Lea fell onto his knees on Isa’s other side, grabbing his friend’s arm in both hands, searching Isa’s blank stare for some sign of life before turning to the man. “What did you do to him?!” he demanded, glaring at Xehanort with tears running down his face.
Xehanort reached out and placed his hand on Lea’s chest. “Worry not. The pain will disappear,” he said.
Lea gasped as an overwhelming pain and darkness crashed through him. His vision went fuzzy and he blacked out.
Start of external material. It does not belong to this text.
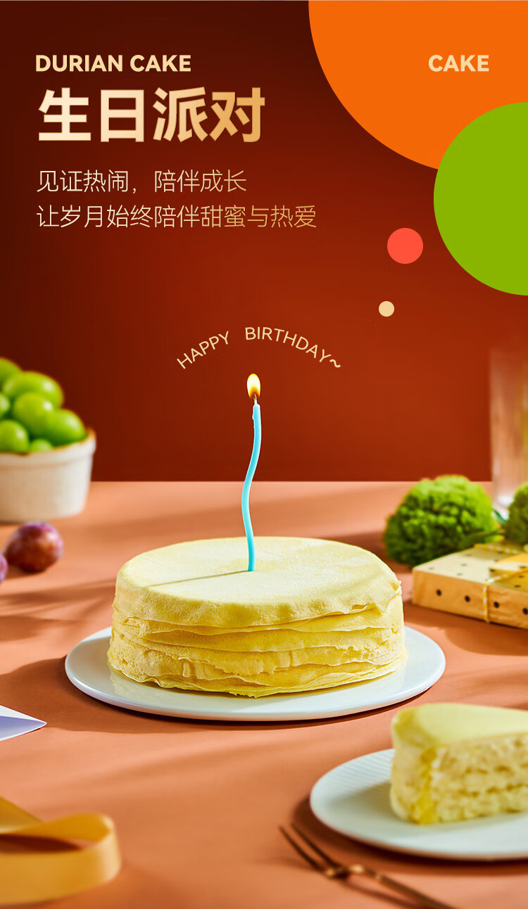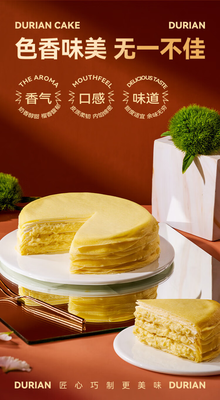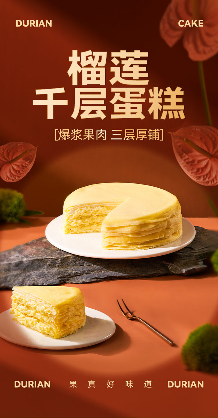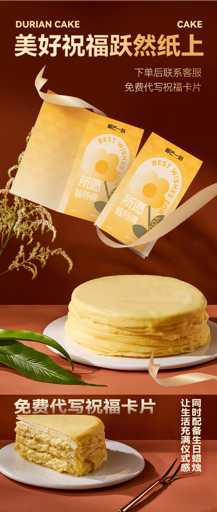 榴芒一刻 榴莲千层生日蛋糕金枕榴莲果肉动物奶油甜品点心 金枕榴莲千层蛋糕500g
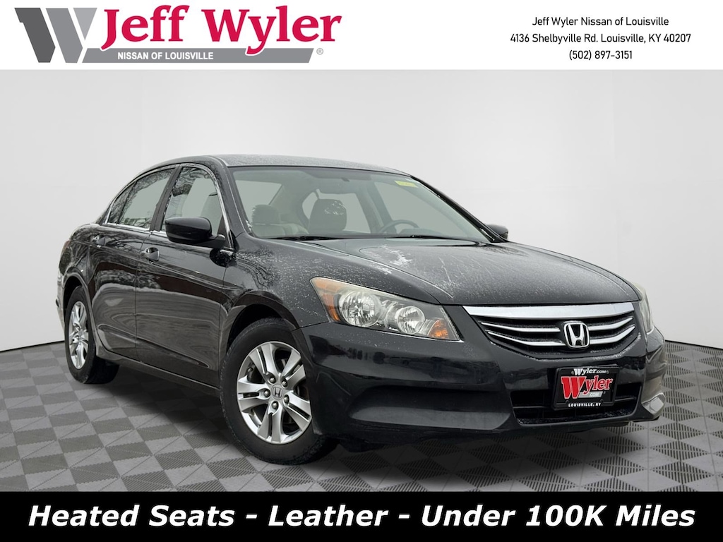 Jeff Wyler Nissan of Louisville is pumped up to offer this wonderful 2011 Honda Accord SE in Crystal Black Pearl. ** ONE-OWNER CARFAX **, ** BLUETOOTH **, ** BACKUP CAMERA **, ** LEATHER INTERIOR **, ** HEATED SEATS **, ** EXCELLENT SERVICE HISTORY **, ** LOCALLY OWNED **, and ** HOME DELIVERY OPTIONS! ** Black w/Leather-Trimmed Seat Trim, 16" Alloy Wheels, 160-Watt AM/FM/CD Audio System, 4-Wheel Disc Brakes, 6 Speakers, ABS brakes, Air Conditioning, Alloy wheels, AM/FM radio, Anti-whiplash front head restraints, Brake assist, Bumpers: body-color, CD player, Delay-off headlights, Driver door bin, Driver vanity mirror, Dual front impact airbags, Dual front side impact airbags, Electronic Stability Control, Four wheel independent suspension, Front anti-roll bar, Front Bucket Seats, Front Center Armrest, Front reading lights, Heated Front Bucket Seats, Heated front seats, Illuminated entry, Leather Shift Knob, Leather-Trimmed Seat Trim, Low tire pressure warning, Occupant sensing airbag, Overhead airbag, Overhead console, Panic alarm, Passenger door bin, Passenger vanity mirror, Power door mirrors, Power driver seat, Power steering, Power windows, Radio data system, Rear anti-roll bar, Rear seat center armrest, Rear window defroster, Remote keyless entry, Security system, Speed control, Speed-sensing steering, Speed-Sensitive Wipers, Steering wheel mounted audio controls, Tachometer, Telescoping steering wheel, Tilt steering wheel, Traction control, and Variably intermittent wipers Our PRE-OWNED vehicles are put through a rigorous 167- POINT QUALITY ASSURANCE INSPECTION along with an average amount of over $1,400.00 SPENT to recondition each vehicle so we can be sure to deliver you the highest quality vehicle like you deserve! ***ONLINE PRICE DOES NOT INCLUDE WYLER FAMILY FIRST PACKAGE*** Stop by 4136 Shelbyville Road to see for yourself, or give us a call @ 502-897-3151 to schedule your test drive! ** ONE-OWNER CARFAX **, ** BLUETOOTH **, ** BACKUP CAMERA **, ** LEATHER INTERIOR **, ** HEATED SEATS **, ** EXCELLENT SERVICE HISTORY **, ** LOCALLY OWNED **, Black w/Leather-Trimmed Seat Trim.

He came to moments later, still lying on the floor of the castle’s roof.
The first thing he was aware of was someone shaking his shoulders. “Lea! Lea, wake up!” the familiar voice was one he’d know anywhere. His head was light and his eyes weren’t focusing, but he knew that wasn’t Isa speaking to him. Under his hand he could feel Isa’s arm.
“Astra... get out of here... now...” he groaned. He knew that he should have felt worried for her, but he didn’t. He didn’t feel... anything. No concern for Isa’s condition. No fear for what would happen to Astra should she stay.
He was empty. An empty chasm where his heart once was yawning open inside him.
The sensation left a profound ache in his chest.
“Astra... go...”
“No! I’m not leaving you! Isa’s bleeding. He’s awake but unresponsive and you were unconscious when I found you!” Long blue-gray hair—longer than but similarly colored to Ienzo’s—swam into focus as his vision improved.
“Xe... Xehanort... did this...” Lea muttered.
“What?” Astra breathed, sounding astounded. “What did he do?”
“Removed... our... hearts. You... need... to leave.” Clarity was returning to his mind. “Before you suffer the same fate. Go.” He sat up. Astra’s silvery-gray eyes were full of fear and concern. He grabbed her shoulders. “Get out of the castle. Get out of Radiant Garden if you can! Now!”
“Lea I can’t leave you!”
“You’ll find that boy is no longer Lea,” a deep voice said from behind. Astra and Lea whirled. It was Xehanort—but something was different. He had the same empty look that Lea felt. “He will now be known as Axel.”
“Why?” Astra demanded, putting herself between Lea and Xehanort.
“Astra, no,” Lea tried, a hand on her shoulder attempting to push her out of the way and failing. He was still groggy from his heart being torn from his body.
Xehanort chuckled. “You were always Ansem’s boldest pupil. Perhaps you should join our cause as well. Your will is strong.”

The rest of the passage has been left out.